1. Introduction
Gearboxes are crucial devices in industrial processes, as they play an important role in power transmission. Then, fault detection and diagnosis in such devices are attracting growing interest in researches, with focus on fault severity assessment. In particular, when a fault is starting, the first stages of the failure mode are not easy to detect, in most cases, and the incipient fault is not advised until reaching severe stages that can cause damages to other devices, decrease the performance of the process, and produce economical losses [
1,
2].
Vibration signal is one of the most informative signals commonly used to determine the health condition of rotating machines [
3]. Once a vibration signal is available, data-driven approaches can offer signal processing techniques to tackle the problem of fault detection and diagnosis by identifying certain signal characteristics in time, frequency or time-frequency domains, as proposed in [
4] for gearboxes.
Particularly, gearboxes exhibit nonlinear and chaotic behavior [
5], and these characteristics are enhanced in the presence of faults [
6,
7,
8]. Then, the identification of informative characteristics in the vibration signal produced by faulty conditions is not easy to accomplish in gearboxes by using standard signal processing, and usually requires expert knowledge. Additionally, previous studies have visually shown that the vibration signal behavior is non-monotonic to the fault severity increment in helical gearboxes [
9,
10]; that is, the signal amplitude does not increase with the fault. Under this scenario, Machine Learning (ML) approaches can address properly the task of fault detection and diagnosis. Moreover, signal processing permits different characterization of the vibration signal useful for the application of ML-based approaches providing high-performance solutions, commonly being the supervised fault classification.

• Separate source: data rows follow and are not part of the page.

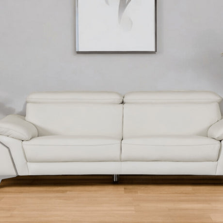 85" White Leather Sofa With Silver Legs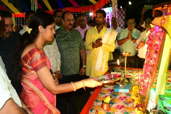 राजस्थान पत्रिका और विमल इलायची के महारास डांडिया में दीप प्रज्ज्वलित कर कार्यक्रम का शुभारंभ करते अतिथि।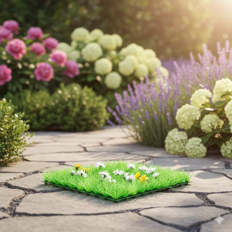 Плочка изкуствена трева с цветя с височина на стръкчетата 3 см. може да се използва за създаване на тревна площ, която не само не се нуждае от поддръжка, но и ще изглежда като истинска зелена ливада целогодишно.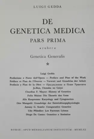 Eines der Hauptwerke des italienischen Genetikers Luigi Gedda (1902-2000), zugleich medizinischer Berater des Papstes Pius XII. und Führer der kathol. Aktivisten in Italien. - Das Werk war ursprünglich auf 7 Bände geplant. - Die Untertitel der Bände: I. Genetica generalis; II. Genetica humana normalis; III. Geneticae medicae principia; IV. Genetica de morbis generalibus; - VI. Genetica de morbis oculorum; genetica de morbis mentis. - Vorsatz von Band I mit schöner Verfasserwidmung an den Mitarbeiter des Handbuches, Prof. Dr. U. Schaefer, dat. Rom 1962. - ╔Dabei: 3 Standardwerke zur Genetik: 1.╗ Dorfman,A. (Editor). Antenatal diagnosis. NICHD - Mental Retardation Research Centers Series. Mit zahlr. Illustrationen. Chicago und London, The University of Chicago Press 1972. Gr.8°. XII, 286 S. Olwd. - ╔2.╗ McKusick,V.A. Heritable disorders of connective tissue. Fourth edition. St.Louis, Mosby 1972. Gr.8°. Mit 1099 Illustr. und 2 farb. Tafeln. XV, 878 S. Olwd. - Der amerikanische Humangenetiker McKusick (1921-2008) gilt als Mitbegründer der medizinischen Genetik als eigenständiges Fachgebiet. - ╔3.╗ Grouchy,J.de u. C.Turleau. Atlas des maladies chromosomiques. Paris, Expansion Scientifique Francaise 1977. Gr.4°. Reich illustriert. 2 Bl., 355 S. Olwd. - Erste Ausgabe. - "Fortunately, he wrote, in association with Catherine Turleau, an excellent atlas of chromosome aberrations, which remains a must in this field" (www.biologia.uniba.it). - Gutes Exemplar.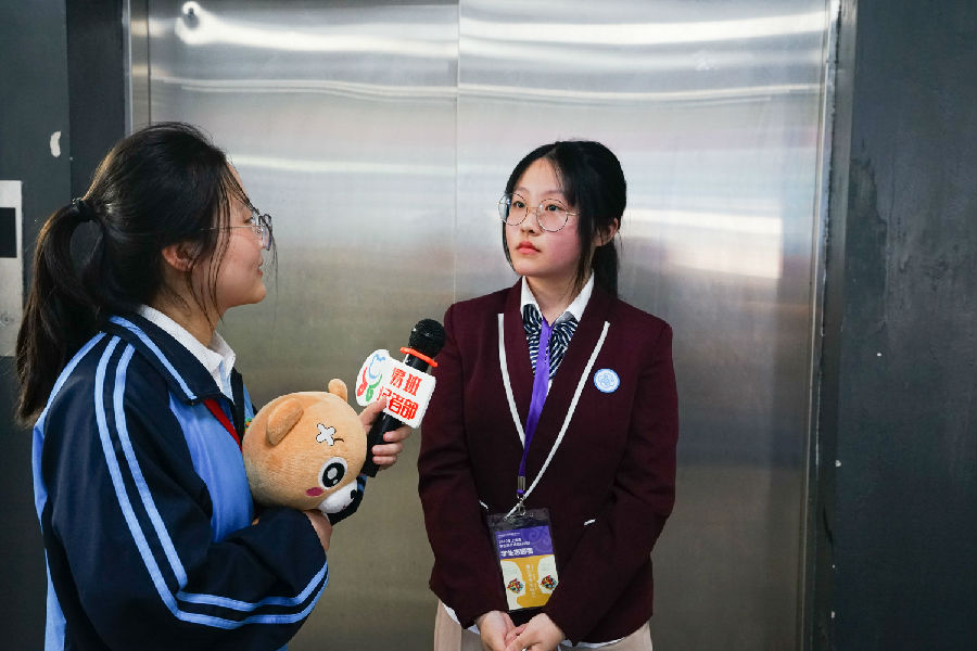 来自1703班的薛雯静同学,已经是第二次担任学生志愿者。在工作中的闲暇时间里,她同我们简单的谈了谈自己参与活动的感受。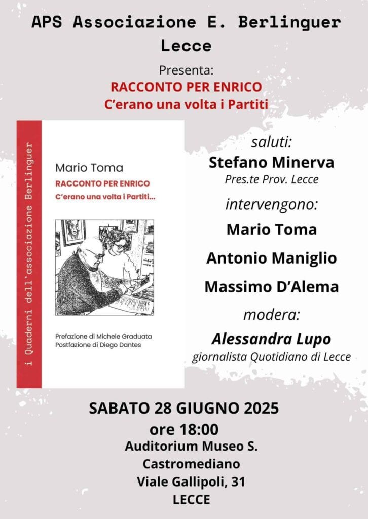 In programma oggi alle ore 18 nell’auditorium del museo Sigismondo Castromediano di Lecce, organizzato dall’associazione Enrico Berlinguer di Lecce, Mario Toma, già parlamentare del Partito Comunista italiano, introdurrà un dibattito sulla storia dei partiti italiani, dal Secondo Dopoguerra ad oggi. Una vicenda eroica ai suoi albori e man mano edulcorata nella Seconda Repubblica, che è rievocata nel libro “Racconto per Enrico. C’erano una volta i partiti” (ed. Spagine, 184 pagine, 10 euro) ed al quale parteciperà anche il presidente della Provincia Stefano Minerva. Dialogheranno con l’autore Massimo D’Alema e Antonio Maniglio .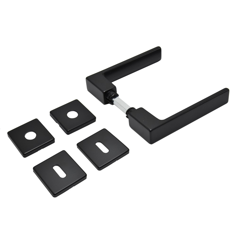 This door handle with black color.It is a qualitative and resistant handle, her body is composed of solid aluminium material, including accessories for instalation.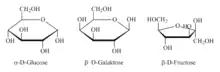 Ring Structure of Monosaccharides After hemiacetals and hemiketals form, the carbohydrate will form a ring structure. For example, in Glucose the Hydroxyl group from the Carbon 6 will attack the carbonyl Carbon from Carbon 1, with a hemiacetal intermediate. The Carbon that will then change from a carbonyl carbon to a carbon with a hydroxy will then be called an anomeric carbon. An anomeric carbon is the hemiacetal or hemiketal that is bounded by an alcohol group and an ester bond. Anomers are another form of isomers that differ in the hemiacetals or hemiketals.The most common structure of a glucose ring is the alpha conformation in contrast with the sterically hindered Beta conformation. The alpha conformation is structure in which the hydroxyl in Carbon 1 is facing the opposite of the plane as carbon 6, while the beta conformation is facing in the same plane as the Carbon 6 thus causing steric hinderence. For this reason of steric hinderance the alpha conformation is much more stable than beta.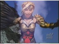 Trimmed heavily to reduce her dialogue. Unfortunately cuts gag of Baboo looking in 'scope and getting knocked away by Goldar. |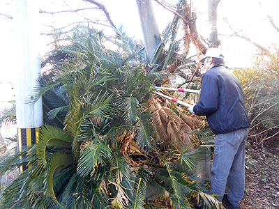 川副町でそてつの剪定と、周りのつつじの植え込み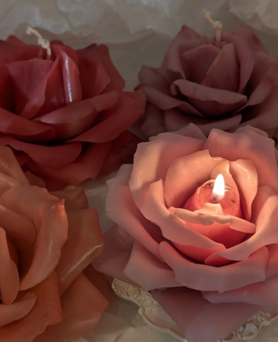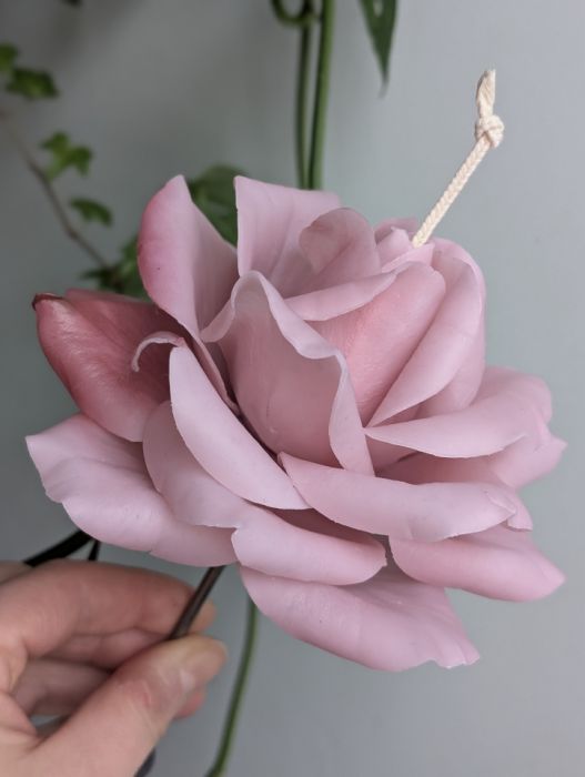 Świeca jest składana z pojedyńczych płaków z dbałością o detale tak aby wyglądała jak prawdziwy kwiat.

ML-based classifiers using the k-nearest neighbor method (KNN) [
11,
12,
13,
14], artificial neural networks (ANN) [
15,
16,
17,
18] and support vector machines (SVM) [
19,
20,
21,
22,
23], are frequently developed to propose fault classification models. Random Forest (RF) and Decision Trees (DT) are also reported as fault classifiers for gearboxes because of their powerful performance in cases where only a few samples are available and high dimensional feature spaces [
24,
25,
26,
27,
28].
The performance of a conventional ML-based fault classification model is highly dependent on the input feature quality, avoiding the well-known curse of dimensionality, and the selection of the best classification model. Particularly, feature selection is a stage that must be carefully accomplished after features extraction is performed on the vibration signal. Statistical condition indicators (SCI) serve as features extracted from the vibration signal in the time domain, some of them being closely related to the vibration analysis such as the root-mean-square, standard deviation, kurtosis, skewness, among others [
29]. Other features are related to the biomedical field to analyze surface electromyography signals [
30,
31]. The availability of a large set of features makes both feature selection or the mining for new features a process that is not easily generalized.

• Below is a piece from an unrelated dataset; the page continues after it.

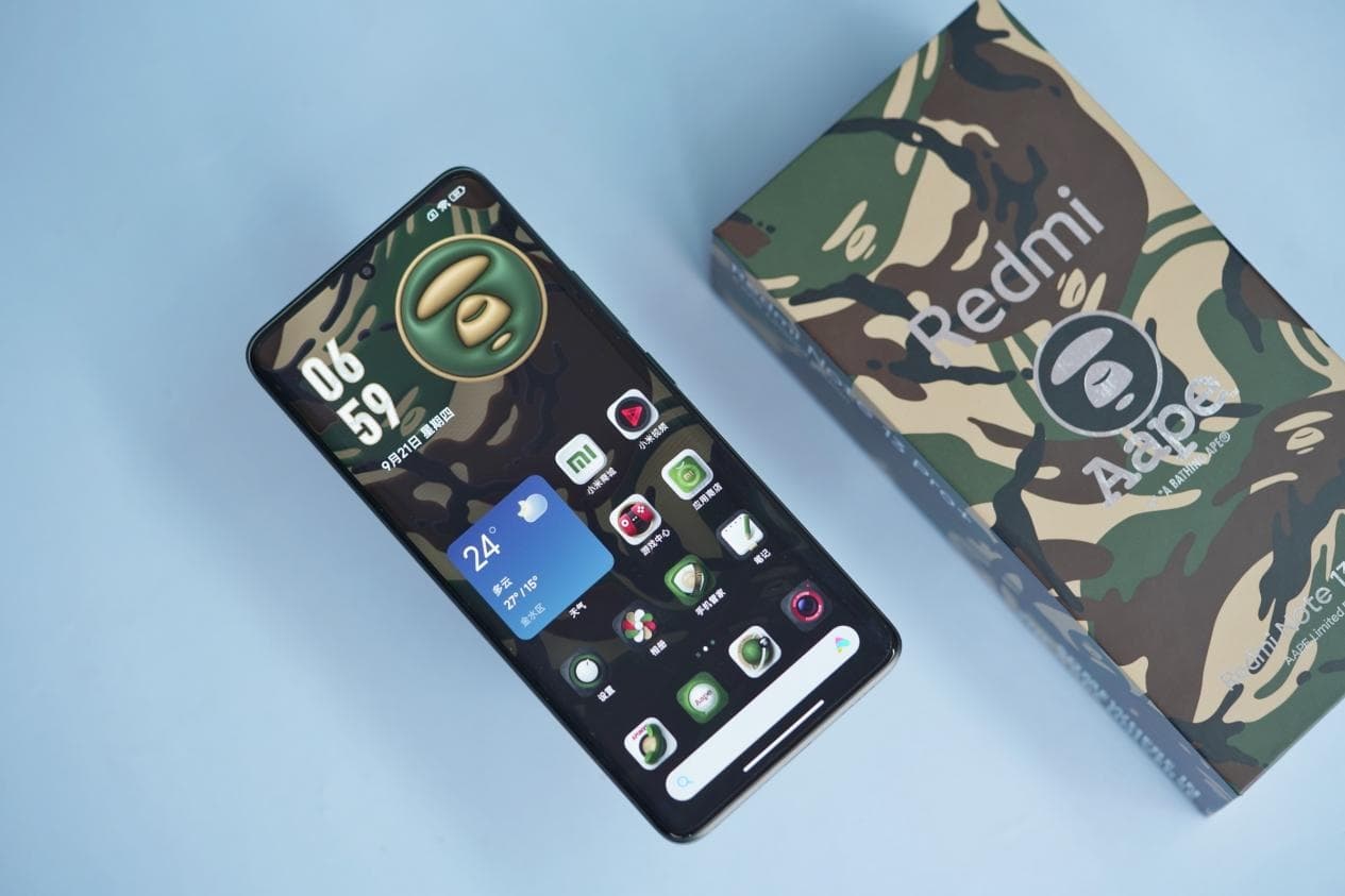 Redmi Note 13 Pro+ AAPE получил эксклюзивные темы, камуфляжные рамки для фотографий и прочий цифровой контент. Комплект поставки включает камуфляжный чехол, а также зарядное устройство и кабель в зелёном цвете.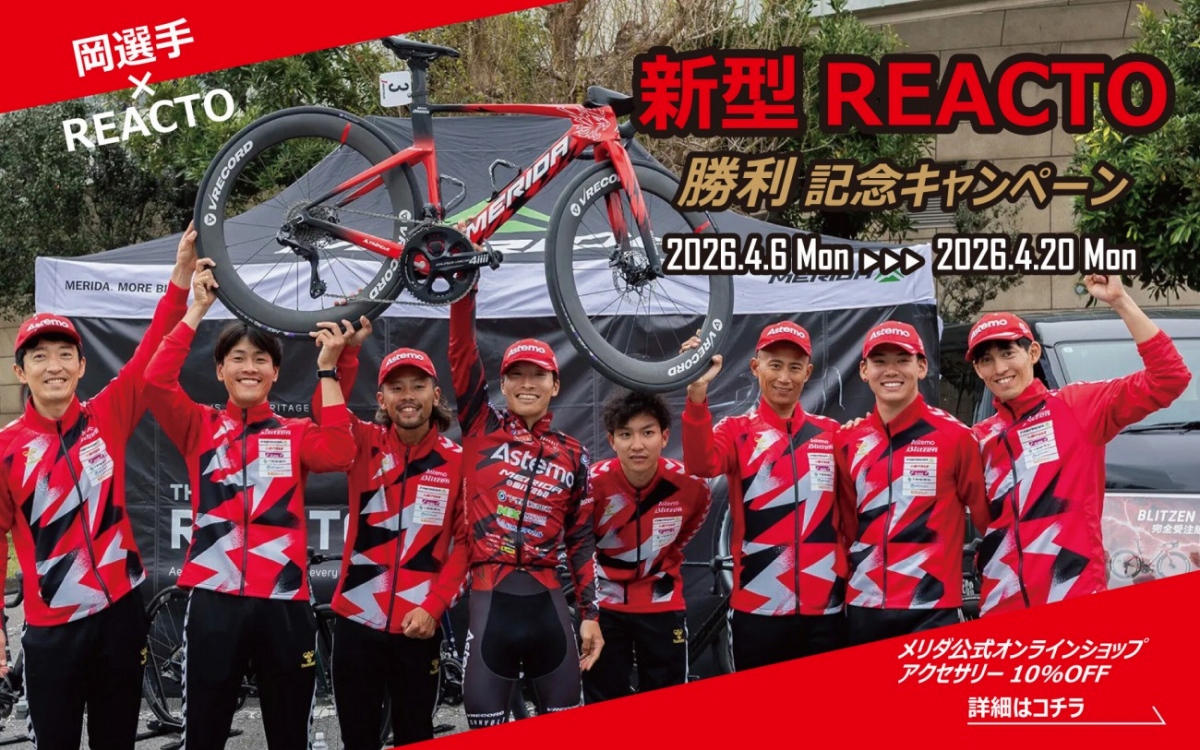 第3回NTT東日本宇都宮清原クリテリウムでAstemo宇都宮ブリッツェンの岡篤志が新型REACTOで優勝したことを記念するキャンペーンがメリダ公式オンラインショップで開催中。アクセサリー商品が全品10%OFFになる機会だ。以下、プレスリリースより紹介しよう。

Although the recent applications of Deep Learning (DL) models to fuse the stages of feature extraction and selection are being widely reported [
9,
32,
33,
34,
35,
36,
37,
38], the selection of fault-related features like SCI extracted from the raw vibration signal is still a field of interest, mainly due to the easy understanding of such SCI. Moreover, the necessity of developing the whole ML pipeline, including not only feature engineering and selection but also classification model selection, hyperparameter optimization and validation, is currently a challenge in ML system development, called Automated Machine Learning (AutoML) [
39,
40].
According to the case study and the related dataset, for example, fault classification of gearboxes under different failure mode severity or multi-fault scenarios, where different failure modes are combined, the ML-based approach requires the development of a new pipeline for each scenario, that is, feature engineering and model adjustment. In most cases, this process requires exhaustive training plans, including greedy searching on feature and parameter spaces which demands computational efforts and optimization algorithms to obtain a proper classification model as mentioned previously. This is why, the development of ML pipelines automatically is nowadays highly required in practical problems associated to high dimensional feature spaces and complex model requirements. The evaluation of the different computational tools providing this support is well received by the ML-based engineering applications community in helping to choose the proper model.

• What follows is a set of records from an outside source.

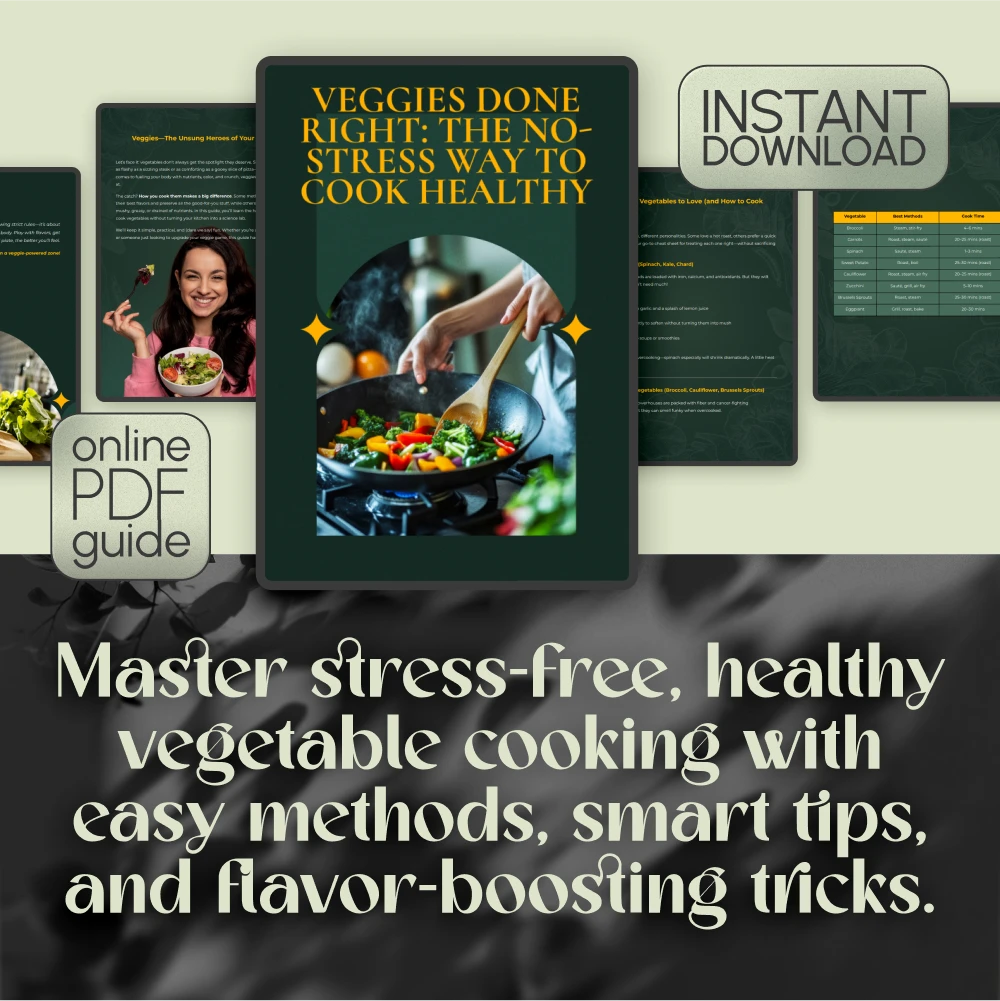 If cooking vegetables feels like a chore or always turns into a bland, mushy disappointment, this guide is your game-changer. Veggies Done Right: The No-Stress Way to Cook Healthy is the ultimate digital guide to transforming everyday vegetables into vibrant, flavorful, and health-packed dishes—without spending hours in the kitchen or sacrificing taste. Whether you’re just starting your healthy eating journey or you’re a busy home cook looking to level up your plate, this downloadable guide will help you make smart, simple, and satisfying choices.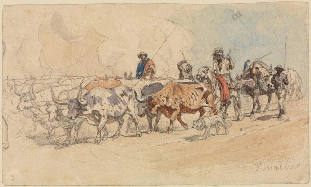 Kierowcy na mułach z stadem bawołów - Ferdinand Keller
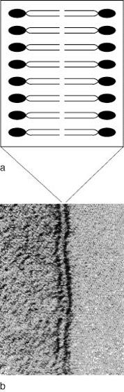 Membranen, biologische: a) Schema der Lipiddoppelschicht. b) Elektronenmikroskopisches Bild eines Membranquerschnittes.

To face the automated development of ML pipelines systematically, this paper presents the application of two AutoML systems for fault severity classification, with evaluation and comparison from an empirical perspective. Particularly, the paper is focused on the feature selection stage, including feature engineering over SCI extracted from vibration signals related to the fault severity of three failure modes in gears, which are pitting, crack and broken tooth. In the following, SCI are named statistical features or features. The application of AutoML in the field of Prognosis and Health Management (PHM) is a more difficult challenge as the industrial equipment, particularly rotating machines, usually work under complex and time varying conditions of load and speed. Then, new contributions in this field are required.
The goal is the comparison of the informative capability between the original statistical features, through the performance evaluation of the ML classifiers proposed by the AutoML systems. The experimental framework uses the software tools H2O Driverless AI which is equipped with evolutionary algorithms to perform feature engineering and selection, and TPOT, which also uses an evolutionary search to build tree-based ML pipelines. Both tools are relatively simple and straightforward to use, offering basic and intuitive configurations for generating different types of pipelines using state-of-the-art techniques and implementations.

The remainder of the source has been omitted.